LEERDOELSTELLINGEN
Aan het eind van dit deel zul je in staat zijn om:
- Uitleggen wat een continue bron ladingsverdeling is en hoe het samenhangt met het concept van kwantisatie van lading
- Lijnladingen, oppervlakteladingen en volumeladingen beschrijven
- Het veld berekenen van een continue bron ladingsverdeling van elk teken
De ladingsverdelingen die we tot nu toe hebben gezien waren discreet: opgebouwd uit individuele puntdeeltjes. Dit in tegenstelling tot een continue ladingsverdeling, die ten minste één dimensie heeft die niet nul is. Als een ladingsverdeling continu is in plaats van discreet, kunnen we de definitie van het elektrisch veld veralgemenen. We verdelen de lading eenvoudigweg in infinitesimale stukjes en behandelen elk stukje als een puntlading.
Merk op dat, omdat lading gekwantiseerd is, er niet zoiets bestaat als een “echt” continue ladingsverdeling. Maar in de meeste praktische gevallen bestaat de totale lading die het veld creëert uit zo’n groot aantal discrete ladingen dat we veilig het discrete karakter van de lading kunnen negeren en het als continu kunnen beschouwen.

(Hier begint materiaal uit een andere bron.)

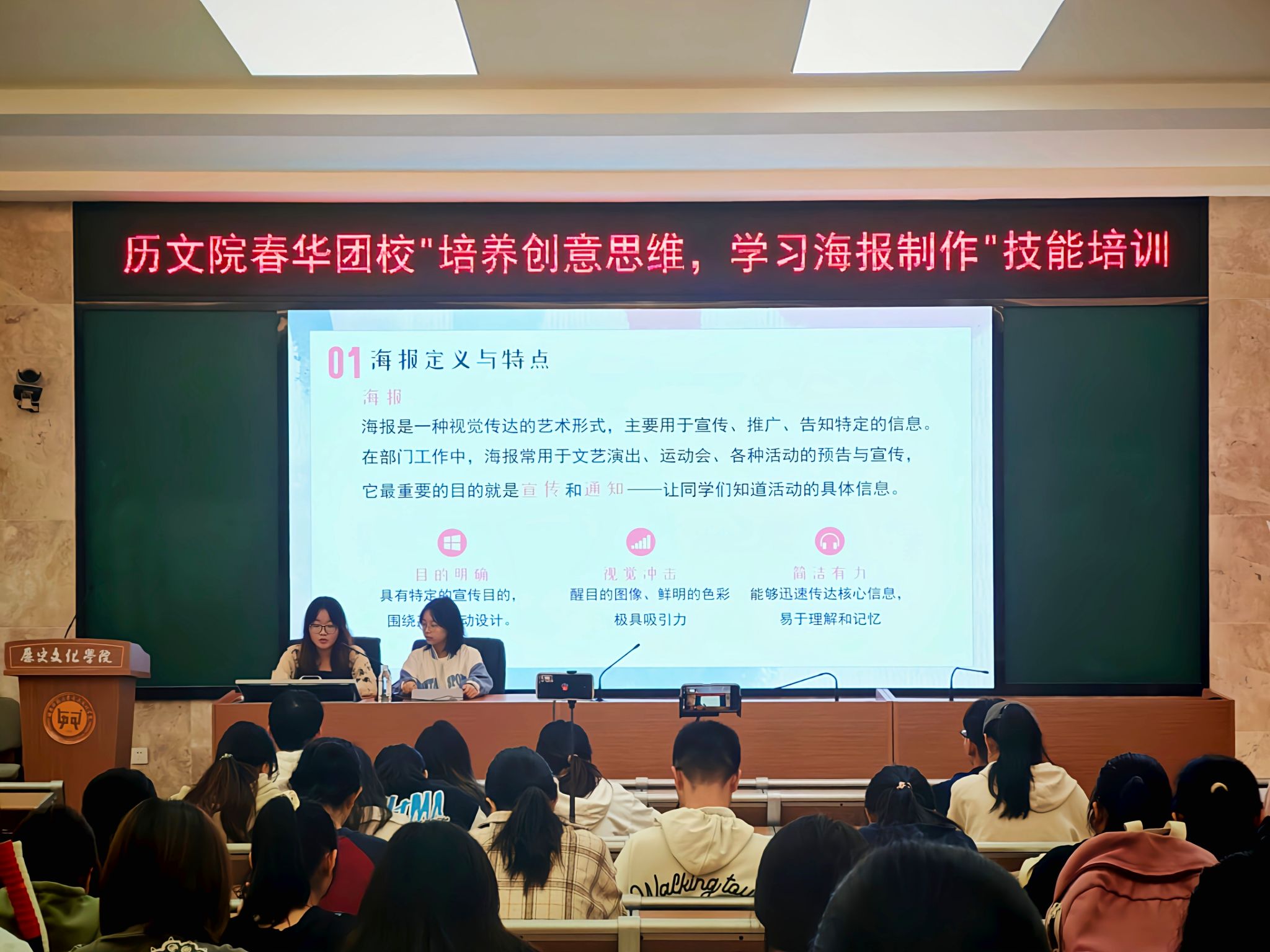 培训会上,李卓颖从色彩搭配、字体选择、图片处理三大方面,讲述海报设计的基本要求。她指出,一张优质的海报要突出主题,并以独特的视觉效果引人入胜,准确地传达信息。接着,孟湘向学员们阐述了创意思维的重要性和培养方法,通过实例展示让学员们理解如何将创意融入海报设计,并鼓励学员运用不同类型的排版技巧来突出重点内容,吸引公众视线。
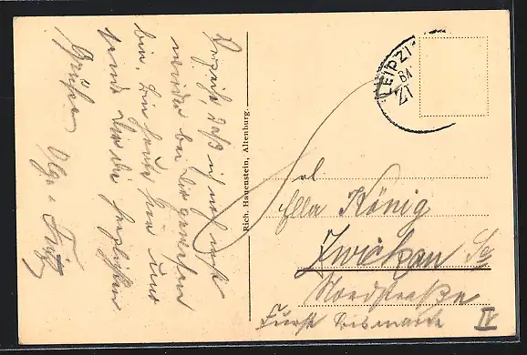 alte Ansichtskarte, gelaufen, Briefmarke entfernt, Stempelspur, guter Zustand

Dit is precies de benadering die we maken als we een emmer water beschouwen als een continue vloeistof, in plaats van een verzameling moleculen.
Onze eerste stap is het definiëren van een ladingsdichtheid voor een ladingsverdeling langs een lijn, over een oppervlak, of binnen een volume, zoals in figuur
Definities: Laaddichtheden
Definities van ladingsdichtheid:
- lineaire ladingsdichtheid: \lading per lengte-eenheid (figuur); eenheden zijn coulomb per meter (C/m))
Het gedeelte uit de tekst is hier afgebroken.